Among the overall study population of 392 patients, there were 66 with GFPLA and 326 with non-GFPLA, aged 57.0 ± 13.7 and 56.7 ± 13.3 years, respectively (Table 1). The corresponding ratios of men to women in the two groups were 38:28 and 185:141, respectively. The GFPLA and non-GFPLA groups were statistically similar regard to gender ratio, age, smoking, drinking, and comorbidities. The two groups had similar etiologies in portal vein seeding, bowel and/or pelvic pathology, hepatic artery seeding, hematogenous infection, direct extension, trauma to the liver (all p > 0.05).
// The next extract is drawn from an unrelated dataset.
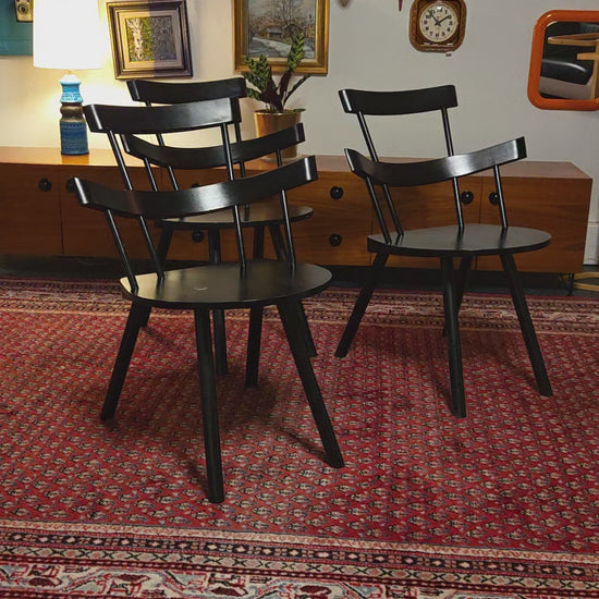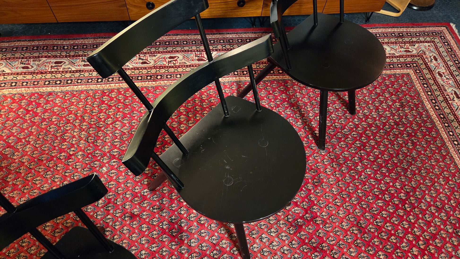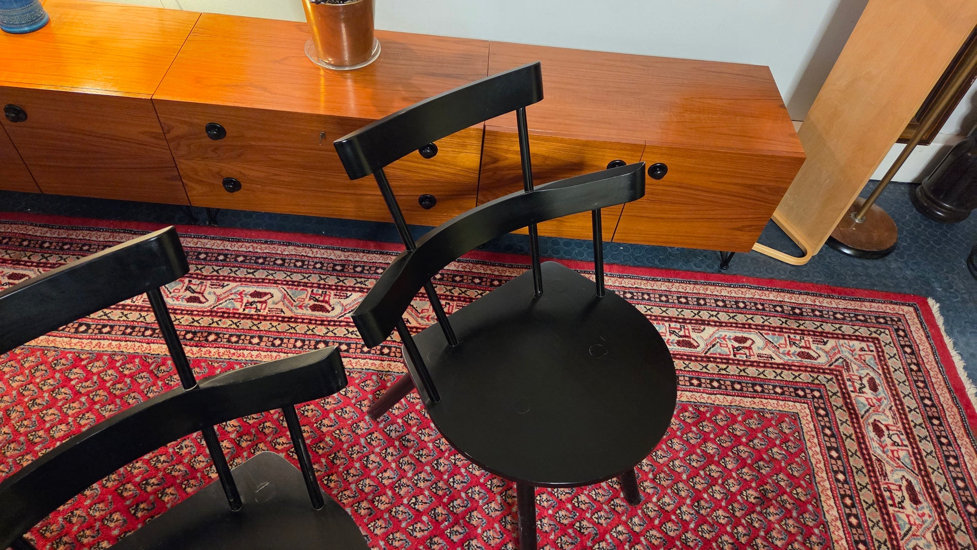 Tyylikäs Auvinen-Wiherheimon suunnittelema Jussi-nojatuoli, mustalla pintaviimeistelyllä.

However, the GFPLA group had more biliary source infection and less cryptogenic infection (p = 0.022 and 0.010, respectively). A history of abdominal surgery was significantly more common in patients with GFPLA compared with non-GFPLA (p = 0.002), especially hepatobiliary surgery (p = 0.024). In hepatobiliary surgery, biliary tract surgery was more common in GFPLA patients (p < 0.001), especially biliary enteric anastomosis (p = 0.030). A greater percentage of the non-GFPLA group had no history of surgery compared with the GFPLA (p = 0.002). There was no significant difference in the medical history of PLA between the two groups (p = 0.086).

Table 1.

Demographic Data, Lifestyle Habits, Etiologies, Comorbidities, and Medical Histories^a

		Total	Non-GFPLA	GFPLA	p
	Subjects, n	392	326	66
Demographic data	Male/female, n/n	223/169	185/141	38/28	0.902
Demographic data	Age, y	56.8 ± 13.4	56.7 ± 13.3	57.0 ± 13.7	0.884
Lifestyle habits	Smoking	106 (27.0)	84 (25.8)	22 (33.3)	0.207
Lifestyle habits	Drinking	65 (16.6)	56 (17.2)	9 (13.6)	0.481
Etiologies	Biliary source	136 (34.7)	105 (32.2)	31 (47.0)	0.022
	Portal vein seeding, bowel and/or pelvic pathology	32 (8.2)	25 (6.9)	7 (10.6)	0.427
	Hepatic artery seeding, hematogenous infection	21 (5.4)	16 (4.9)	5 (7.6)	0.563
	Direct extension	41 (10.5)	35 (10.7)	6 9.1)	0.690
	Trauma to the liver	12 (3.1)	11 (3.4)	1 (1.5)	0.683
	Cryptogenic	150 (38.3)	134 (41.1)	16 (24.2)	0.010
Comorbidities	Hypertension	77 (19.6)	61 (18.7)	16 (24.2)	0.302
	Diabetes mellitus	124 (31.6)	101 (31.0)	23 (34.8)	0.538
	Hepatobiliary malignant diseases	44 (11.2)	33 (10.1)	11 (16.7)	0.125
	Lithiasis	150 (38.3)	122 (37.4)	28 (42.4)	0.446
	Liver cirrhosis	16 (4.1)	12 (3.7)	4 (6.1)	0.582
	Viral hepatitis	29 (7.4)	22 (6.7)	7 (10.6)	0.404
Medical histories	Abdominal surgery	177 (45.2)	136 (41.7)	41 (62.1)	0.002
	Hepatobiliary surgery	148 (37.8)	115 (35.3)	33 (50.0)	0.024
	Biliary tract surgery	18 (4.6)	9 (2.8)	9 (13.6)	< 0.001
	Biliary enteric anastomosis	11 (2.8)	6 (1.8)	5 (7.6)	0.030
	ERCP	4 (1.0)	3 (0.9)	1 (1.5)	0.523
	Cholecystectomy	38 (9.7)	34 (10.4)	4 (6.0)	0.274
	Hepatectomy	10 (2.6)	8 (2.5)	2 (3.0)	1
	Multiple hepatobiliary surgeries	63 (16.1)	48 (14.7)	15 (22.7)	0.106
	Other hepatobiliary surgery	15 (3.8)	13 (4.0)	2 (3.0)	0.986
	Other abdominal surgery	29 (7.4)	21 (6.4)	8 (12.1)	0.177
	No abdominal surgery	215 (54.8)	190 (58.3)	25 (37.9)	0.002
	PLA history	42 (10.7)	31 (9.5)	11 (16.7)	0.086

Reported as n (%), unless shown otherwise.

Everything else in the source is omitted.